La touche Stax est palpable, la présence aux cuivres des Memphis Horns (!) y étant pour beaucoup. Quant à son jeu de guitare, il doit donc beaucoup aux deux Kings : Albert, évidemment, pour les slows-blues et Soul-blues, où des bends puissants se disputent à des vibratos monstrueux, et bien sûr ce jeu « aux doigts » marqué par un pouce vigoureux ; Freddie pour ce qui s'apparente, ou s'approche, du Blues-rock (une filiation bien plus évidente en concert). Le tout avec une approche plus moderne, ne serait-ce que par rapport à une tonalité plus ancrée dans son époque. Sa vélocité et sa virtuosité en font un des meilleurs guitaristes Blues de sa génération avec Lucky Peterson et Larry McCray. Il affectionne particulièrement le son chaud et crémeux du mariage Gibson et Humbucker ; cela ne l'empêche de s'afficher avec une Fender Telecaster avec manche en érable ... oui, mais une Deluxe, montée en humbuckers. (il se présente toujours avec de magnifiques guitares).
Si tous les albums de Weathersby sont d'une indiscutable qualité, « Come to Papa » semble être le plus abouti. En plus de bénéficier d'une excellente production de John Snyder, il jouit d'une « dream team » du Blues, un super groupe quasi idéal pour faire vivre le Blues moderne.
Lucky Peterson aux claviers (le meilleur joueur d'Hammond B3 de la confrérie Blues ?), Rico McFarland à la guitare rythmique (Little Milton, Lucky, Big Daddy Kinsey, James Cotton, Junior Wells), Willie Weeks à la basse (Donny Hathaway, Robert Cray, BB King, Joe Walsh, John Mayer, Bobby Womack, Doobie Brothers, Bowie, Clapton, Rod Stewart, Gatemouth Brown, etc...) et Steve Potts à la batterie (K.W.Sheperd, Peterson, J. Lang, Ike Turner, Rufus Thomas, Booker T, Otis Rush, Mavis Staples, Buddy Guy, etc...). On y retrouve aussi Ann Peebles (chanteuse de Soul des 70's - et mère de Mario Van) sur la reprise de « Come to Mama », rebaptisé pour l'occasion en « Come to Papa ».
La marque de fabrique de Weathersby, c'est un Blues solide qui, plutôt que de se laisser submerger par le Rock, préfère fricoter allègrement avec la Soul, . On retrouve ainsi un peu de l'essence du Albert King de la période Stax, avec un chouia plus de velours. Mais surtout avec un apport de gaieté, d'insouciance et de plénitude. Un Blues plus ensoleillé et optimiste.

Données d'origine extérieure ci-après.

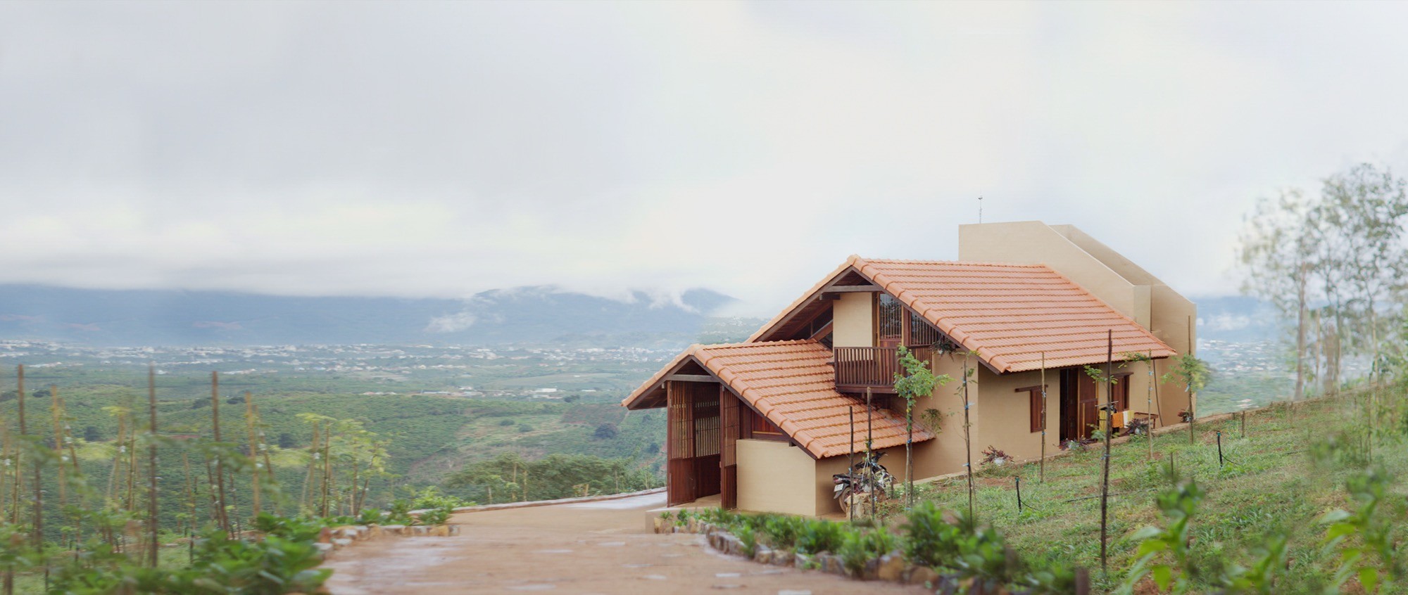 Tọa lạc trên đỉnh một triền đồi tại Di Linh, ngôi nhà được tiếp cận qua một con đường đất vẫn còn lầy trơn sau mỗi cơn mưa. Điều kiện địa hình và khí hậu này không chỉ là bối cảnh, mà trở thành tiền đề trực tiếp cho cách tiếp cận thiết kế. Thay vì áp đặt một hình thái kiến trúc nổi bật, công trình lựa chọn chiến lược tiết chế, gọn nhẹ và thích ứng, đặt mình thấp xuống trong cảnh quan rộng mở của đồi chè và rừng thông.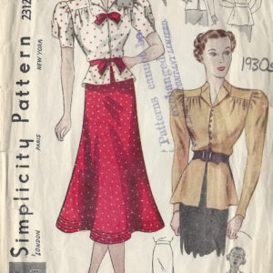 1930s Vintage Sewing Pattern B36in W30in SKIRT & BLOUSE (1287)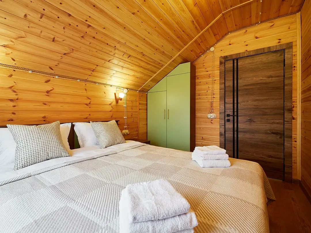 На 2 этаже имеется 2 спальни — одна спальня с кроватью односпальной, шкафом и прикроватной тумбочкой. Во второй спальне отличия — в 1 и 2 домиках стоят по две односпальные кровати, шкаф и 2 прикроватные тумбочки.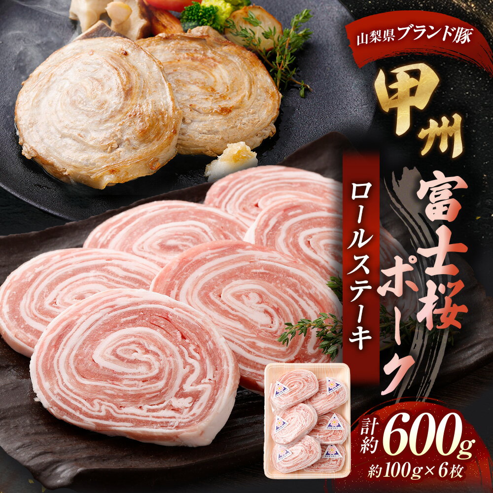 【ふるさと納税】甲州富士桜ポークロールステーキ 計約600g(約100g×6枚) 甲州富士桜ポーク 豚肉 お肉 ステーキ ロールステーキ 冷凍 山梨県産 国産 山梨県 中央市 送料無料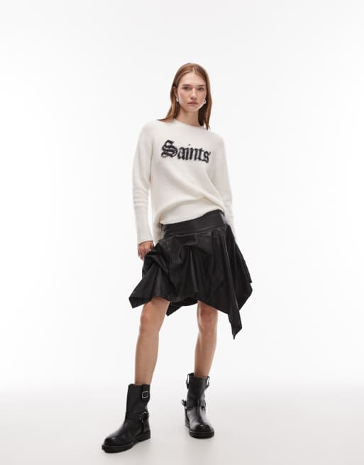 Minifalda negra con volante de cuero Hitch Lea de AllSaints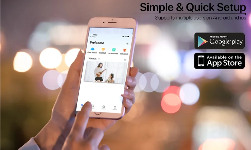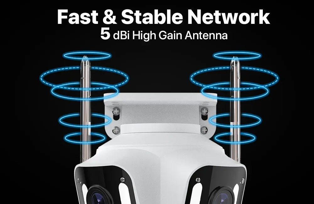 Esta câmera PTZ WiFi tem um corpo e uma caixa sólidos, a classificação à prova d'água de nível IP66 a torna ideal para vigilância externa.Ele pode suportar condições climáticas adversas.incluindo chuva, neve, frio intenso e calor

Weathersby compose peu sur cet album, au contraire des précédents, mais la chaleur de sa voix, la présence de sa guitare, jamais prolixe, l'implication des musiciens, permettent d'imposer une touche toute personnelle sur les reprises.

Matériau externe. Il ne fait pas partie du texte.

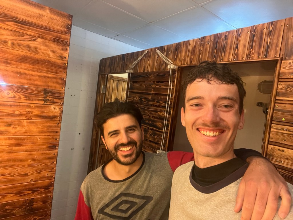 Im Gemeinschaftsraum höre ich zwei viel redende Stimmen. Durch eine Milchglas-Trennwand erkenne ich die Silhouette des sich beim alten Japaner einschmeichelnden Niederländers. Ich kenne keinen von beiden, aber irgendwie regt mich das zustimmende Gelächter von Letzterem auf. Allein die 2D-Projektion zeigt, wer wem mit erhobenem Zeigefinger die Welt erklärt und wer dazu sabbert wie ein Kleinkind. Ist ja nicht auszuhalten. Natürlich treffe ich Giuseppe nochmal beim Zähneputzen, und jetzt bekommen wir es auch gebacken, ein gemeinsames Bild zu schießen. Tatsächlich hat er sich gegen Lü Dao und für das Inland entschieden. Wer weiß, wo man sich nochmal zufällig trifft…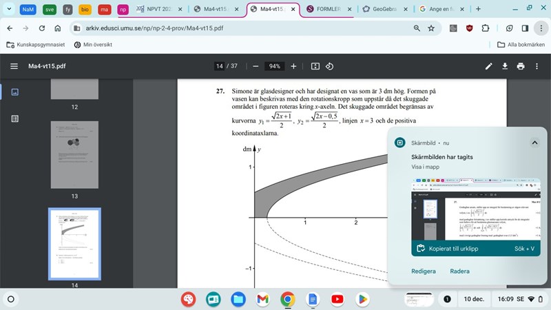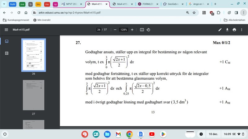 Eller får rätt svar nu men då ska jag isåfall ta ena rotationsvolymens svar minus den andra, inte plus? Stämmer detta

Un album Blues de grande classe et de qualité, auquel, néanmoins, j'octroie un bémol. On regrettera de ne pas y retrouver l'énergie que Wheathersby était capable de déployer en concert, où son set progresse vers un Blues-rock énergique et terrassant, épais et fumant. Du moins à l'époque, ses concerts étaient l'assurance d'un pur moment de Chicago Blues gorgé de Soul qui s'envolait progressivement vers un Blues-rock torride.